NOE: It's Variaciones Concertantes. The concerto variations, in a sense, for the orchestra. It's a piece that is twelve movements, and what's really interesting about it is that it features a solo for every instrument that is in the orchestra. It is a chamber orchestra, so it's a fairly small group, but it still have twelve different features. So you have a cello feature, bass feature, violin, viola, oboe, bassoon, flute, clarinet the clarinet one is infamous. Not just famous, it's infamous for its incredible difficulty. And we have trumpet and trombone, and harp as well.

All of them have their own features, and yet the piece holds together as a cohesive unit that seems like it really goes from the beginning all the way to the end as one journey. So it doesn't just sound like a set of variations. It has a really clear line that drives to the end. It's magnificent music. It's got a very soulful quality that's hard to articulate, but I've often associated with his music.

BENMARK: And then we have Minsoo Sohn, the soloist on the "Rhapsody on a Theme by Paganini," Rachmaninoff. One of the best-loved Romantic pieces ever. Tell me about that, and the contrast between that and the other pieces on the program.

NOE: I suppose in the variations sense, there's, you would think there would be a link, because you've got the concerto variations of Ginastera, and then the Paganini variations. But the Ginastera variations is not based on the same tune over and over.

The famous Paganini variations, which is based on (sings), is essentially that same tune over and over. And there are 24 movements in this, each one, of course, very short. But what is amazing is Rachmaninoff's ability to just mine endless riches out of the same little simple material. I mean, when you hear Variation 2 and then 17, and then the famous one which is 18, which is (sings), for which I'm a complete sucker. Every time we get there, I just die.
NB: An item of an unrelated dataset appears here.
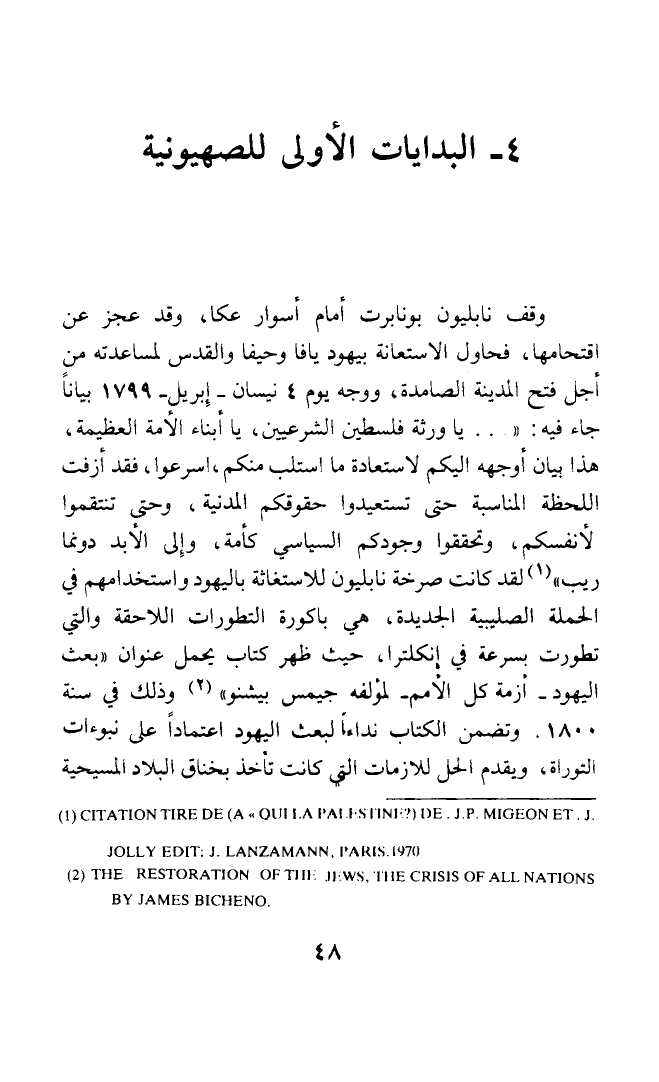 (¬1) CITATION TIRE DE (A «OUI LA PALESTINE ?) DE.J.P.MIGEON ET . J. JOLLY EDIT: J. LANZAMANN, PARIS. 1970.

You just think, this is why these people are famous, great creators of the best art, is because they can somehow pull these nuggets out of salient little bits of material that we don't see. We think, (sings), okay fine. They don't see it that way. They think, oh, well, if I flip it upside down, I can do this. Oh, and if I make it longer I can do this. Well, if I harmonize it this way, I can do this. Or if I just gave it to this instrument it would sound different. And they, they're geniuses, you know?

And see, I just point at stuff. I'm just a conductor. I just point and complain, you know. If I was really talented, I would actually compose, but you know. We all bow down to people like Rachmaninoff, Ginastera, and Mozart. That's for sure.